Почти ежедневно сотрудник вышеупомянутого отделения, профессор истории музыки Даниэль Паниагуа, тридцатипятилетний мужчина атлетического сложения, в обеденный перерыв бегал трусцой (пропуская обед) в расположенном неподалеку парке. Но так как в тот день его срочно вызвал декан Хакобо Дуран, чтобы обсудить некий загадочный, не терпящий отлагательства вопрос, Даниэль предпочел отказаться от пробежки, дабы не явиться на встречу, обещавшую быть важной, раскрасневшимся и потным.
Чтобы скоротать оставшееся до встречи время, он решил зайти к своему лучшему другу Умберто. Несколько недель назад тот попросил записать для него диск с музыкой для свадьбы, поскольку вскоре намеревался сочетаться браком со своей давнишней подругой. Даниэль, считавший за честь подобрать фонограмму к свадьбе лучшего друга, через несколько часов забыл об обещании и, как это с ним нередко бывало, больше не вспоминал — особенно после того, как вновь взялся за амбициозную книгу о Бетховене, которую забросил два года назад. Вчера Умберто позвонил ему и сказал:
— Скотина, ты помнишь, что через месяц я женюсь?
— Конечно, — соврал Даниэль. — Диск уже готов. Завтра занесу.
Не желая ссориться с другом, он провел всю ночь и часть утра, записывая для него диск: «Аве Мария» Шуберта, «Аве Мария» Гуно, ария соль мажор Баха, два самых известных свадебных марша, Мендельсона и Вагнера, а также десяток других беспроигрышных вещиц, подходящих для подобной церемонии.
— Ты не слишком усердствовал, — заметил его друг, просмотрев диск. — Я просил записать не расхожие мелодии, а то, что нравится тебе. В этой стране никто не знает музыку лучше тебя.
— Видишь ли, Умберто, в последний раз я записал диск по собственному вкусу на свадьбу Оскара, ты его знаешь. Так его жена меня чуть не убила. Эта музыка понравится Кристине, ведь для нее и устраивается свадьба.
— По-твоему, мне не следует жениться? — спросил Умберто.

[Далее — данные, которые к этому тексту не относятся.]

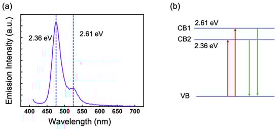(a) PL spectrum of perovskite embedding in mesopores under 375 nm pumped emission. Two peaks appeared at 475 and 525 nm, which corresponded to 2.36 and 2.61 eV, respectively. (b) Schematic showing 475 and 525 nm photoluminescence and optical absorption.

— Не знаю, но для тебя я записал другой диск, который ты должен слушать днем и ночью до самой свадьбы.
Даниэль вручил другу загадочный диск в красном конверте, на котором было написано: «Эффект Б.».
— Кто такой Б.? — спросил Умберто, начиная нервничать. — И почему я должен слушать его днем и ночью?
— Б. — это, естественно, Бетховен. Ты слышал про «эффект Моцарта»?
— Нет, а что это такое?
— В тысяча девятьсот девяносто седьмом году один американский музыковед по имени Кэмпбелл — как название супа — выпустил весьма спорную книгу «Эффект Моцарта», где излагал теорию, по которой музыка Моцарта, особенно фортепьянные концерты, на время улучшает интеллектуальные способности. Так как Бетховен — это Моцарт в кубе, я утверждаю, что музыка Бетховена втрое эффективнее.
— Эффективнее в чем?
— В принятии важнейших решений в жизни человека — к примеру, стоит ли жениться.
— Ты думаешь, что, слушая Бетховена, я поумнею и отменю свадьбу?
— Не знаю, но я твой друг, — чтобы его слова звучали проникновенно и искренне, Даниэль положил руку на плечо Умберто, — и хочу испробовать это средство, чтобы после свадьбы ты меня не упрекнул: «Почему ты не помог мне, негодяй?»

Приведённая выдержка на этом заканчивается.